La vida es dura a veces; otras, más aún. Esta era una de ellas.

—¿Qué les dijiste?

—¡Pues qué les iba a decir! Que por el jodido coche tengo que pagar la gasolina, el impuesto de circulación, la ITV, el seguro, el aparcamiento cuando bajo al centro, el aparcamiento cuando voy al aeropuerto o a la estación, el aparcamiento cuando voy a la Plaza del Mercado, ¡cada uno de ellos a más de un euro la hora!, las averías, las revisiones y, para colmo, ahora también tengo que comprarme una plaza de aparcamiento por otro huevo o pagar el último huevo por aparcar en donde antes lo hacía gratis, o sea, en la puerta de mi casa. Todo eso sin contar las multas. Si lo intento vender, me dan nada y menos. Si lo conservo, es el artículo de lujo más caro que tenemos. Entonces, por lo menos, lo trataremos como lo que es. De manera que el piano a la mierda, el coche al salón y yo al paro, ya que sin coche no puedo trabajar. Con perdón, ¿eh? Ahora están dando los pintores los últimos retoquillos a las paredes.

—¿No me digas que van a hacer otro aparcamiento en la Avenida de Vilches?

—No lo van a hacer.

—¡Ah, menos mal Por un momento pensé que se les había ido la cabeza todavía más a estos gobernantes tan maravillosos que tenemos.

—No, es que lo están haciendo ya.

—¡Qué dices? ¿Qué lo están haciendo! —Él:

—Ya han empezado. En cuatro o cinco años, listo. En lugar de echar abajo las casas de los maestros y en ese solar hacer unas viviendas para que los jóvenes puedan acceder a un piso, ¡hala, aparcamiento que te crió! Claro, como lo de las viviendas no les da dinero para vivir ellos la gran vida y el aparcamiento sí...

—Oye, que tampoco están tan caros los pisos como para que nuestro ayuntamiento se tenga que pringar en echar a unos ocupas, ¿entiendes?

—Bueno, en eso sí que llevas toda la razón. —Se le notaba la ironía más amarga hasta en la punta de las uñas—. La mayor de las mías estuvo viendo ayer un quinto sin ascensor en Los Molinos; dos dormitorios, cocina y baño. Veintidós millones de pesetas. ¡Habrá mayor locura? De modo que, más de lo mismo y, de lo mismo, más. —Yo, que, sin embargo, siempre he sido más ecuánime, se lo tuve que hacer ver:

—Eso te pasa por pensar el precio en pesetas. Míralo como euros: veintidós millones son... unos ciento treinta mil euros. —Él, pasmado:

—¿Qué dices? ¿Ciento treinta mil? ¿Nada más?

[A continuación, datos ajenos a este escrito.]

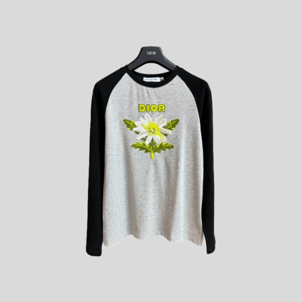 디올 플로럴 자수 긴팔 티셔츠
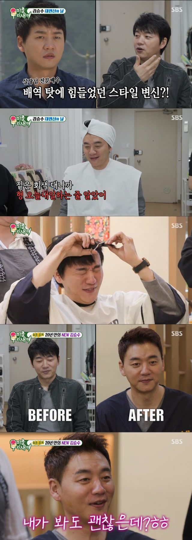이어 김승수는 헤어스타일 변신에도 도전했다. 이상민은 “형 머리 스타일 바꾸고 아까처럼 밝은 톤으로 옷 입으면 올해 안에 장가간다”라며 김승수를 설득했다. 드디어 안대를 벗고 변신한 자신의 모습을 본 김승수는 만족했고, 스튜디오의 MC들 모두 반쯤 기립한 채 물개 박수로 김승수의 변신을 칭찬했다. 이 장면은 최고 13%까지 올라 ‘최고의 1분’을 기록했다.

—Más o menos. —No se lo creía:

—¿Ciento treinta mil eurillos tan sólo?

—Pues, sí.

—¡Pero si yo me creía que era más!

—Pues, no.

Perplejo quedó el pobre. Por lo poco que costaba, claro. Si es que en euros no es lo mismo que en pesetas, eso está claro.

—Entonces, con razón no se empringan con los ocupas de las casas de los maestros. Con toda la razón: es mucho mejor cortar la Avenida de Vilches tres o cuatro años, achicharrar a los vecinos y hacer el aparcamiento. Sacan dinero y encima castigan a una zona que, según las encuestas que se hagan y eso, no les votará en las próximas.

—¿Próximas?

—Elecciones, ya sabes.

—Ah, ya. ¿Y a ellos qué más les da? ¡Ya se las apañarán de alguna manera u otra!

—Sí. Aquí ya llevamos veinte años al máximo del máximo de lo mismo.

—Sí. Y lo que nos queda, que lo pasado ya no duele.

—¡Ay! Menos mal que con la democracia vino a esta comunidad la alternancia en el poder.

—Sí. Y lo que nos queda, que lo pasado ya me duele.